Over the past few years, local banks have been offering a series of products and programs to lend to house buyers, with preferential rates in the first two or three years as home loans are more attractive than those for other purposes. Besides, the risk of home loans is not too high as borrowers are required to put their new houses up as collateral for their bank loans. The risk will stand at the lowest level if banks properly value borrowers’ properties.

Low interest rates, plus preferential policies, have contributed to driving up the credit growth in the real estate sector, though the speed has slowed down due to the tight control over loans for housing. Statistics recently released by the State Bank of Vietnam indicate the credit growth in 2018 posted over 26.7%, but fell to 15.4% in 2021, still much higher than the 13.5% economic growth.

Further, outstanding loans for housing always account for the highest proportion, at over 60% of the total outstanding loans for the real estate sector, showing banks’ focus on providing loans for residents’ demand for homes. As of March 31, 2022, outstanding loans for the property sector had reached over VND2,240 trillion, increasing by 7.87% from late 2021 and making up 20.23% of the total outstanding loans. Outstanding consumer loans grew 7.75%, representing 65% of the total outstanding loans for the real estate sector, while outstanding loans for property business gained 8.1%, accounting for 35%.

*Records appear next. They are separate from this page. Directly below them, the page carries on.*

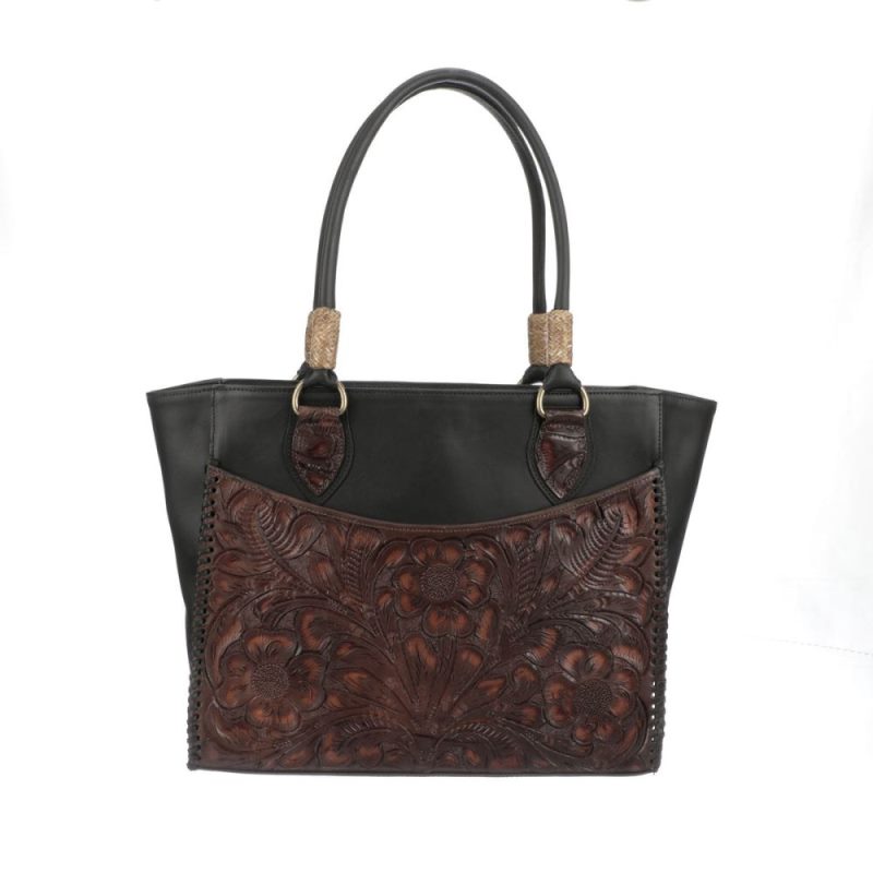 Hand-tooled leather is quintessentially Western, and the Tooled Tote Bag showcases the beauty of the art form in bison leather and cowhide. With a classic floral motif and horse-reign knots on the handles, this purse is big enough to carry a laptop and luxurious enough for a night out.
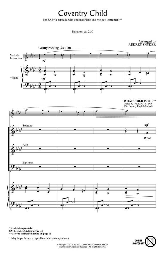 Deux mélodies de Noël précieuses sont habilement associées dans ce contexte : What Child Is This et The Coventry Carol. Interprétez-la a cappella ou accompagnée de piano, de basse en option et d’instrument mélodique ou guitare obbligato. Disponibles séparément : SATB, SAB, SSA, ShowTrax CD. Durée : environ 2h30.
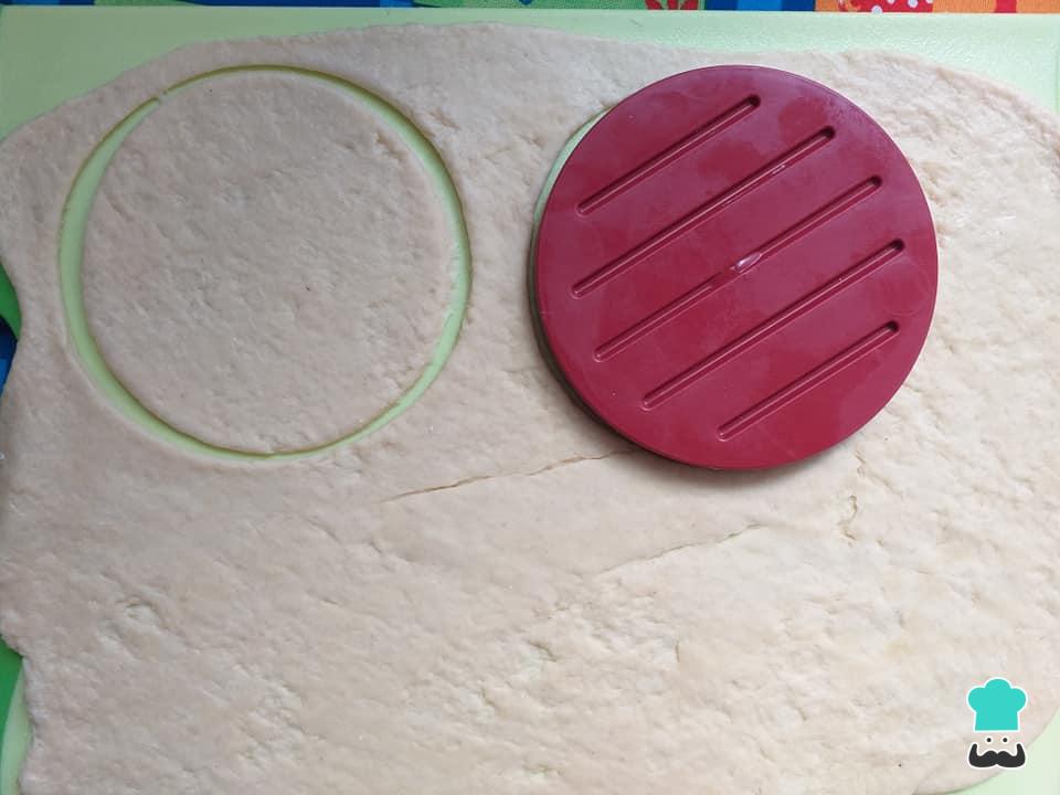 Corte a massa em círculos, com a ajuda de um cortador ou qualquer objeto redondo.
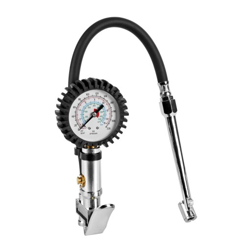 Pistolet do pompowania wyposażony w manometr z dokładną podziałką 0-10 bar, wąż gumowy i podwójny nypel.
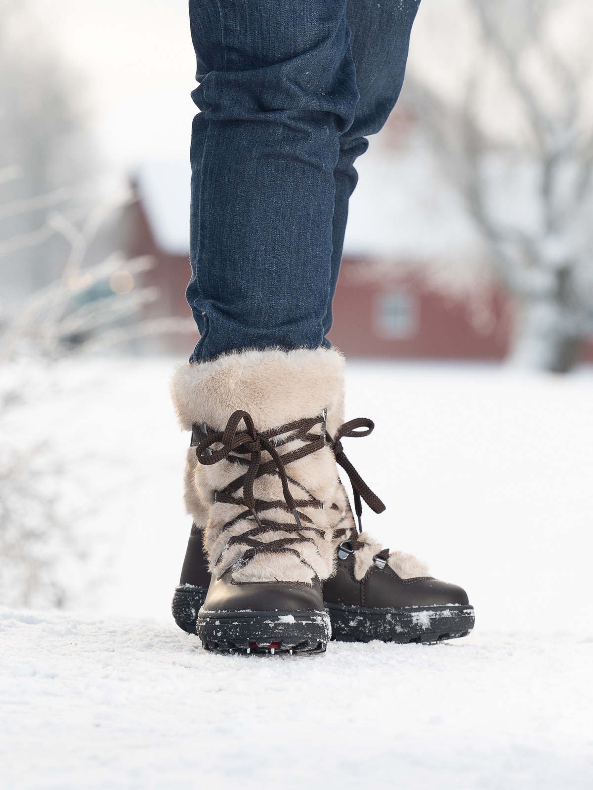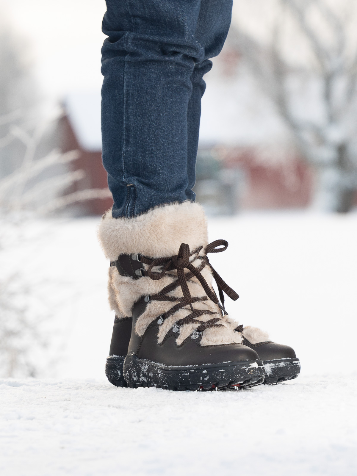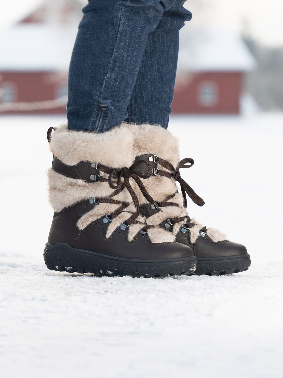 Skoen er kledd i ekte skinn som gir et eksklusivt uttrykk og økt slitestyrke, mens det varme, myke fôret sørger for komfort og isolasjon selv på de kaldeste dagene.
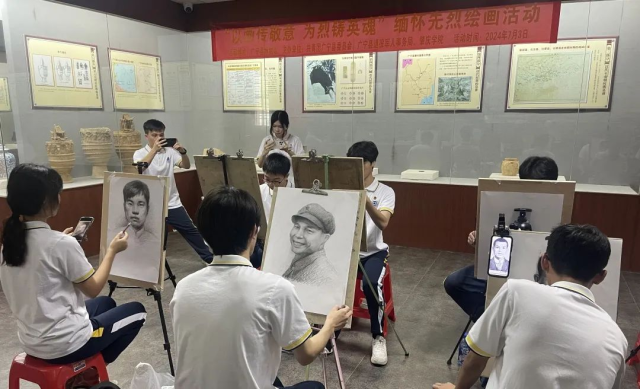 万象城娱乐awc线路美术学院、设计学院成立了“追忆峥嵘岁月,绘铸烈士英魂”实践团,与共青团广宁县委员会共同开展了以“以画传敬意,为烈铸英魂”为主题的烈士遗像描绘活动。实践团由2名指导教师与18名青年学生组成,深入广宁县,收集烈士遗像,进行素描绘画。
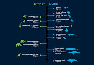 Gennem en ekstrapolation fra genetiske undersøgelser af arter med kendt levetid fandt vi ud af, at den uddøde uldhårede mammut sandsynligvis levede omkring 60 år, og at grønlandshvaler kan forvente at nyde mere end to og et halvt århundredes levetid.
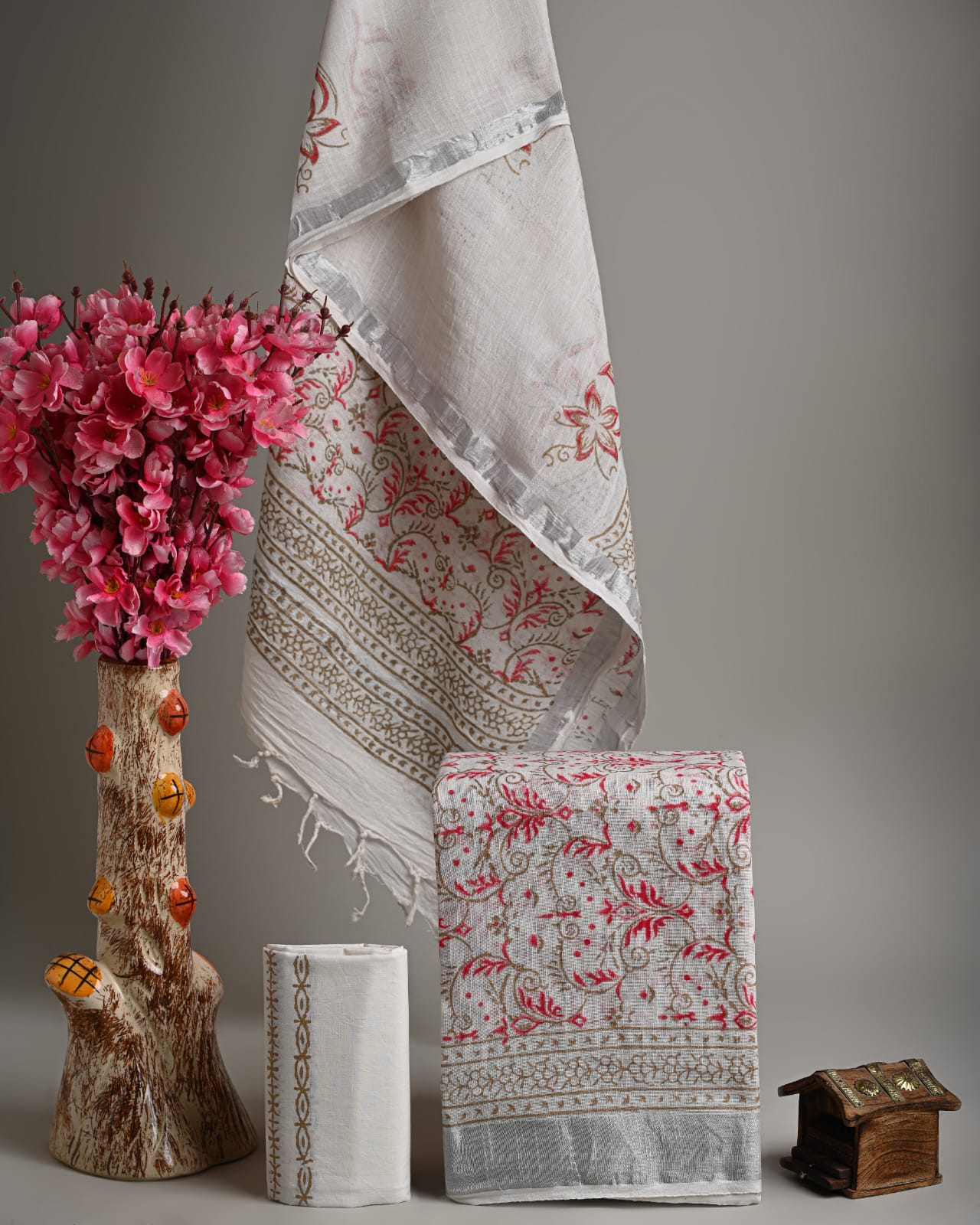 Hand Block Printed Linen Cotton Suit Set with Silver Trim

Invalid preferential policies of loans, coupled with surging lending rates, will ramp up pressure on interest payments for house buyers. Recently, the local market has seen a stop loss in some segments of housing investment as incomes have dipped sharply over the past two years, making life challenging for many homebuyers to cover principal and interest payments. In addition, the risk of a real estate freeze following a housing bubble has also caused concerns.

Even so, not everything is always for sure. For instance, to rescue its slumping housing market, which took a hit due to the Chinese Government’s tight credit policies, China, the world’s second-largest economy, has helped major developers and State-run firms easily mobilize capital, easing several requirements and regulations on escrow accounts and allowing some grassroots authorities to slash mortgage rates.